◆ **AIM OF THE EXERCISE**
When the line with "Планировка 1 комн. в ЖК ЖД На Минина" comes up, set it down and every later line to the end of the data, exactly and without pictures.

◆ **DATA BLOCK**

+++

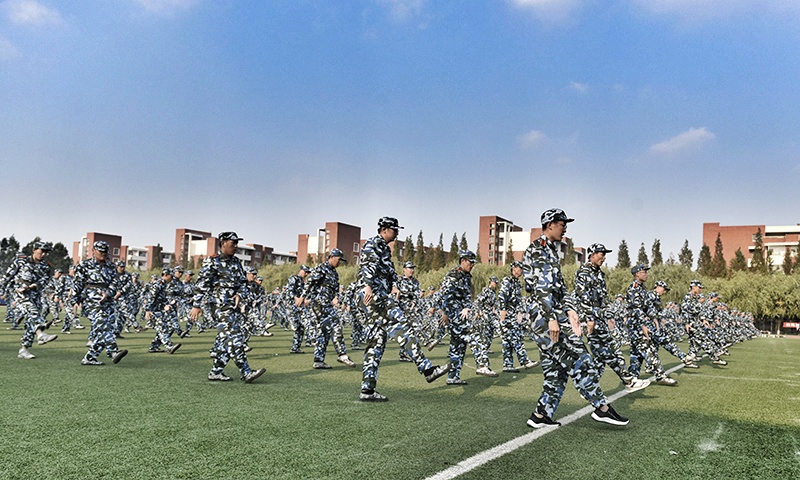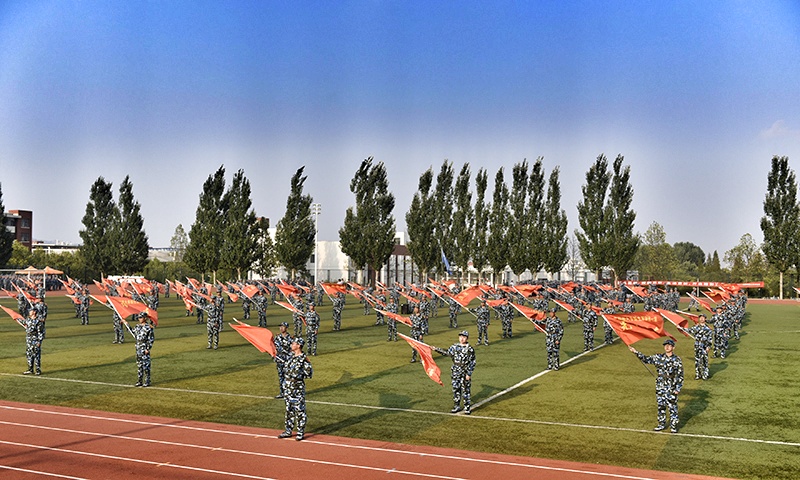 虽然训练才仅仅几天的时间,练队列的学生们已经做到了列队整齐、军姿挺拔、口号嘹亮;练军体拳的学生,一招一式,孔武有力,有板有眼;练旗操的,已经能把手中的旗子挥舞得呼呼生风,起落有致……在教官的严格训练下,预定的各项训练科目已初见成效。
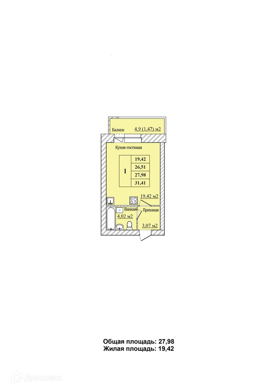 Планировка 1 комн. в ЖК ЖД На Минина
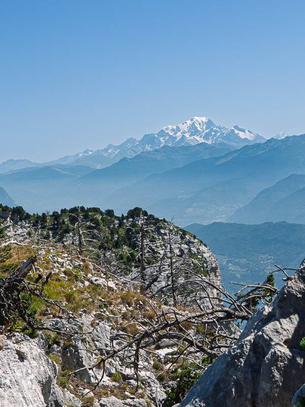 Le Mont Blanc à l'horizon, vu au travers des Pins Brûlés des Rochers de la Rousse (Chartreuse orientale, Sainte-Marie-du-Mont, Isère - 06/08/09)

+++

◆ **RESULT OF THE EXERCISE**
 Планировка 1 комн. в ЖК ЖД На Минина
 Le Mont Blanc à l'horizon, vu au travers des Pins Brûlés des Rochers de la Rousse (Chartreuse orientale, Sainte-Marie-du-Mont, Isère - 06/08/09)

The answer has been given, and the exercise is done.